Early attachment to our parents or other primary caregiver is of vital importance to healthy growth and maturity. However, traumatic breaches or disruptions in attachment between a child and a parent, places the individual at risk for developing some forms of pathology, excessive fear, anxiety or depression.
The vital process of attachment starts out during early infancy. This happens when a baby’s immature brain uses the mature functions of the parent’s brain to start to organize its own mental processes. Making sense to the world actually starts out with how the parent responds to their environment.
In particular, the parents help aid in reducing uncomfortable feelings such as fear, anxiety, or sadness; this enables the child or baby to be soothed and gives them a basic sense of safety in the world. In essence, the child feels a sense of value, greatness and builds their self worth. These positive traits are instilled in the child’s developing mind, which are essential for development. Attachment, empathy and love play a vital role in healthy development.

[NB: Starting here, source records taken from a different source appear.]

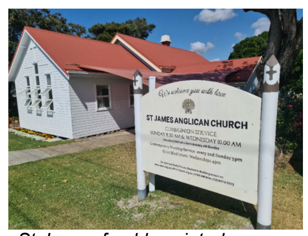
St James freshly painted

The timber Church is located on Marine Parade, close to the CBD of Kingscliff with its busy hotels, restaurants and cafes. Recently a team of parish volunteers has worked tirelessly to improve the site and refurbish the building and grounds. The Church has been painted inside and out, new lighting has been installed and windows, door frames and pews have been polished. The main body of the Church can accommodate a congregation of over sixty-five people, and folding doors open on to a veranda which allows more than a hundred people to be seated at services. The proprietor of a coffee cart leases a part of the Church garden (part of which is set aside as a memorial garden), drawing many people from the community in the pleasant shaded space for coffee, breakfast, and snacks. St James Church hall is hired out to a local Disability Employment Service on Mondays, and hosts a long-running Alcoholics Anonymous meeting on Tuesday evenings.
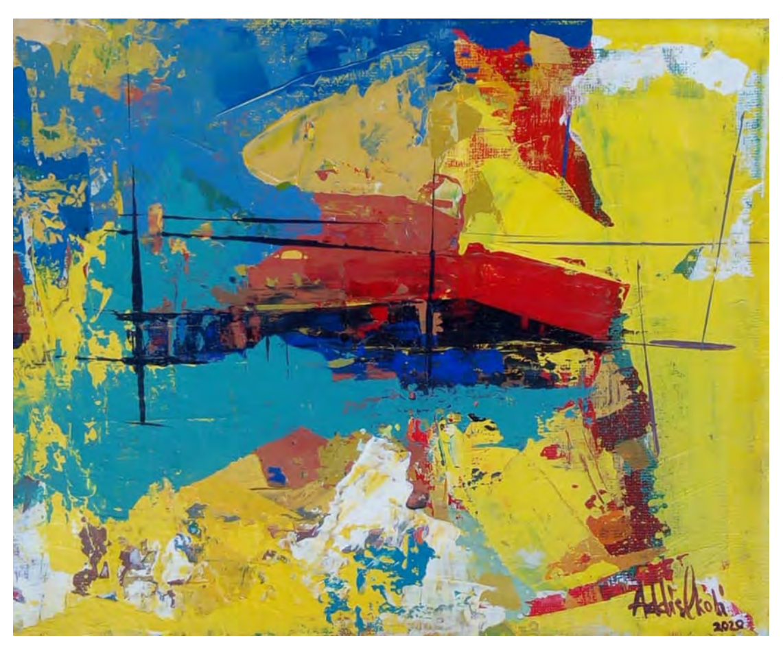
RURAL SHOPS Acrylic on canvas 24cm x 20cm 2020
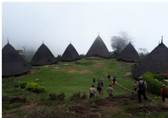
Fig. 2: Mbaru gendang traditional house architecture
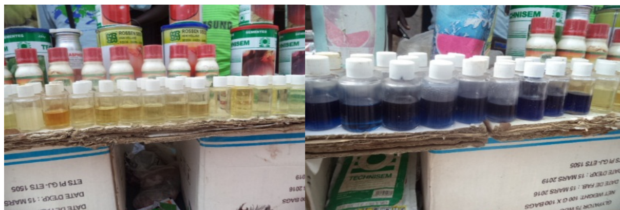
Figure 1. Insecticides and other inputs sold at the weekly markets (Lumos)

The major pesticide importers (GHE, Haja and Sangol) reported that there exists a very few of counterfeit and unregistered imitation products available on the Gambian market, although as reported by Murphy 8 (2005) a significant percentage of the pesticide products sold at local markets in the Gambia in 2005 are considered extremely hazardous. Given highly porous border crossings into the Gambia from Senegal, smuggled pesticides may arrive in the Gambia. The traders we interviewed estimate that unregistered or counterfeit herbicides account for less than 5% of volumes of pesticides sold domestically. However, regulators believe the share may be much higher given that many products are repackaged in unmarked containers (Figure 1) and some imported pesticides are labeled with trade names registered by other firms.
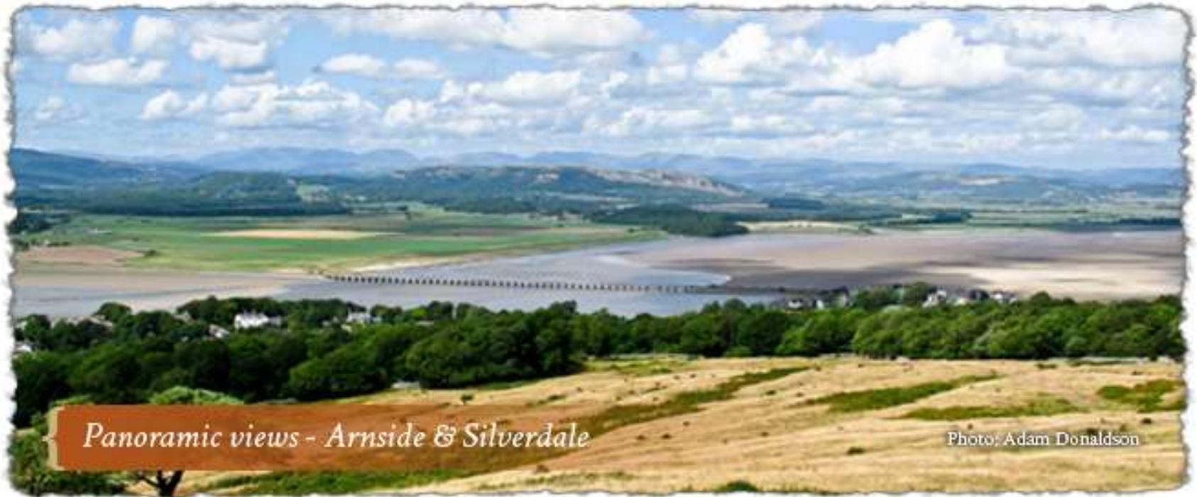
Panoramic views - Arnside & Silverdale

Of vital importance - let's keep it that way
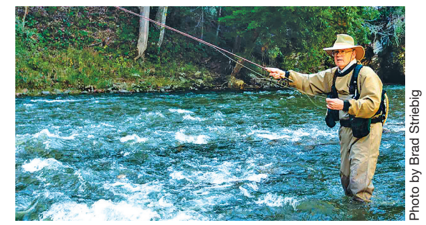
Flyfishing in Cowpasture River
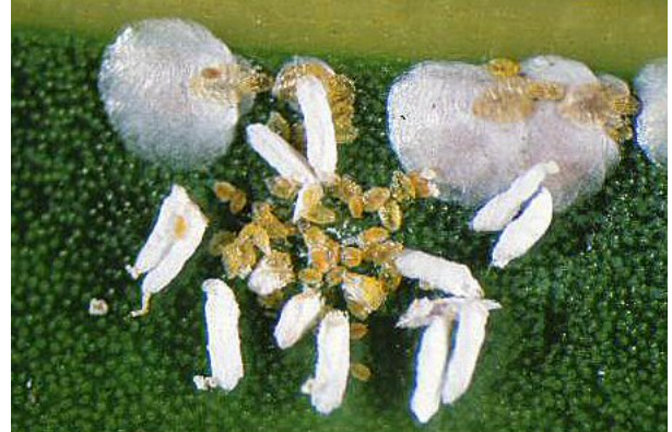
Figure 4. Adult female scales are disk-shaped, while the male scales are elongate. The first instars (called "crawlers") are the little amber colored individuals in the center of the picture.

A systemic insecticide is needed in order to reach the CAS that feed hidden away. A systemic, applied as a root drench, would be absorbed into the root system and then move upward in the vascular pipelines and diffuse into the foliage and kill the scales that are on the fronds and hiding under the thick woolly material on the trunk (Figure 3), as well as the scales feeding on the roots. Merit® applied as a soil application has given unreliable results. A root drench of the systemic, dimethoate (Cygon® 2E, 2 oz per gallon/plant), gave 95% control of the adult scale in November 2002 in my test.
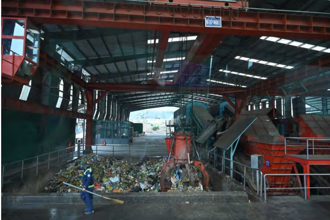
Stakeholder forum attendees toured Binh Duong Water – Environment Corporation’s plant and learned about its waste treatment methods and processes.

The collection rate in Tran De Town is about 89.1%, with the Soc Trang Public Works Company (SPWC) accounting for 73.8%, the informal waste collectors accounting for 15.3%, and the uncollected waste rate being 10.9%. The plastic waste generated is approximately 1.05 tons per day.

Fundamentally, the relationship between a child and their parents can literally determine if a child has a positive view of the world or a negative view of the world. Basically if the parent is there to soothe and comfort a child when they are uncomfortable there needs are met, a healthy relationship between child and parent is established. Consequently, a child would feel secure and safe; this would provide the basis for a positive world view. However, when a parent neglects or is not healthy themselves, insecure attachments are made.
When a child doesn’t experience a real sense of safety in the world, or the child has no one to turn to for comfort, these repeated experiences of terror or fear, can become engrained as a negative world view. Consequently, a child would experiences feeling of being overwhelmed, being out of control and could suffer from learned helplessness. These negative experiences become ingrained in their minds and become realities with which these individuals live by, on a daily basis.
Recent research is strongly pointing to insecure attachment as the main cause to many difficulties people are experiencing in their lives today. Regardless, in reality trauma is a fact of life; however, it doesn’t have to be a life sentence. With the help of a professional therapist trained in identifying and dealing with traumatic breaches, these problems can be over come.